Retirement and Cognitive Decline

A recent article in the NY Times suggests that retiring may be linked with mental decline.  Reseach data from the U.S., England, and 11 other European countries shows that the earlier people retire, the more quickly their memories decline.

Of course, it is impossible to really show the one-to-one effect of retirement to mental decline, because causative factors are difficult to isolate.  Reseach has not proved, for example, that cognitive exercises like crossword puzzles and memory games improve brain power.  But the hypothesis in the Times article is even possible because of current comparable data collection in so many countries. 

It seems that the longer people in a given country keep working, the better they do–as a group–on memory tests, when they are in their ’60′s.  But what aspect of work keeps their brains lively?  And what kinds of work?  (The survey does not distinguish among various kinds of work, and some kinds of work are certainly more mentally stimulating.)  One of the authors of the study, Robert Willis, professor of economics at the University of Michigan, believes that social and personality skills may be operating–getting up in the morning, co-operating on a task, being prompt and trustworthy. 

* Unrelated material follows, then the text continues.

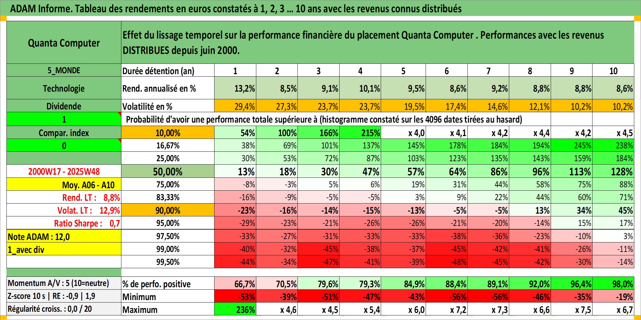 Dernière perfo 10 ans en %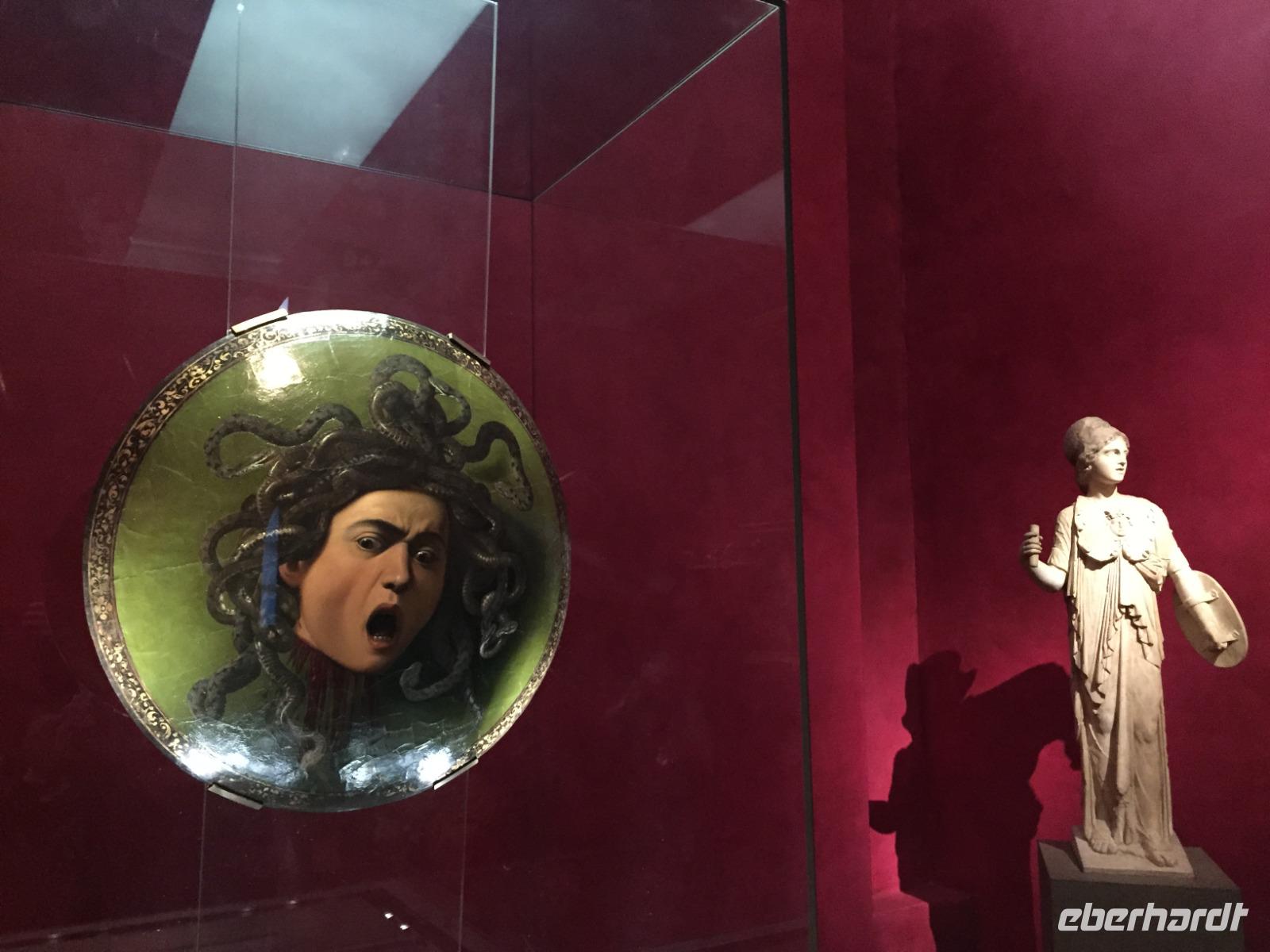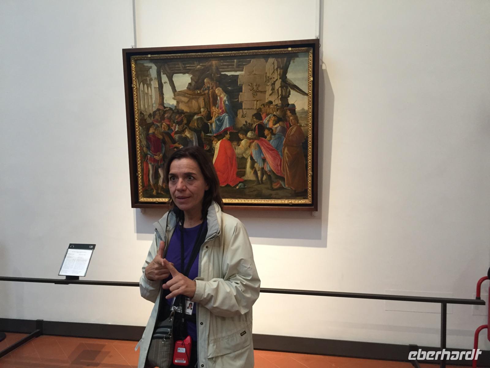 Unsere Reise durch die Kunstgeschichte beginnen wir nach den griechischen und römischen Skulpturen bei der Kunst für religiöse Zwecke, gehen weiter zur Malerei der Renaissance (Befreiung von den Vorgaben der Kirche) und enden mit Werken der Neuzeit. Die wichtigsten Werke, die wir besichtigt haben: „Frühling", „die Geburt der Venus" sowie „die Anbetung der drei Heiligen Könige" von Botticelli, die achteckige Tribuna, „die Verkündigung an Maria" und „Tondo Doni" von Leonardo da Vinci, „die Madonna" von Raffaello und die Medusa von Carravaggio.

Even though correlation does not prove causation, of course, the study calls for more attention to these issues.  Is it the social engagement that’s important?  Is it the aerobic quality–just getting up and going out?  Is it the exercise of the brain on a task?  Or is it what happens after a person retires–like more sitting around and watching TV?

I would guess, in terms of causation, “all of the above.”  However, we all have heard of the individual who retires and then goes into a decline and even dies.  This is not an unusual response to retirement.  What’s going on here?  I personally think it may have to do with a sense of loss, a lack of belonging. There is no longer the human connection, the accountability, that ties us to one another.  When that is gone, people often lose their sense of usefulness, their power to interact with others in creative ways on a common task which they deem important.  The result is often depression, and we know that depression has an adverse effect on mental functioning.

The scripture says, “It is more blessed to give than to receive.”  Actually, when we humans believe we can no longer give, we lose mental, emotional, and physical vitality. To maintain our vital selves, we have to continue to interact, to create, and to contribute.  No one should ever “retire” to the easy chair and the TV–that’s a killer, literally.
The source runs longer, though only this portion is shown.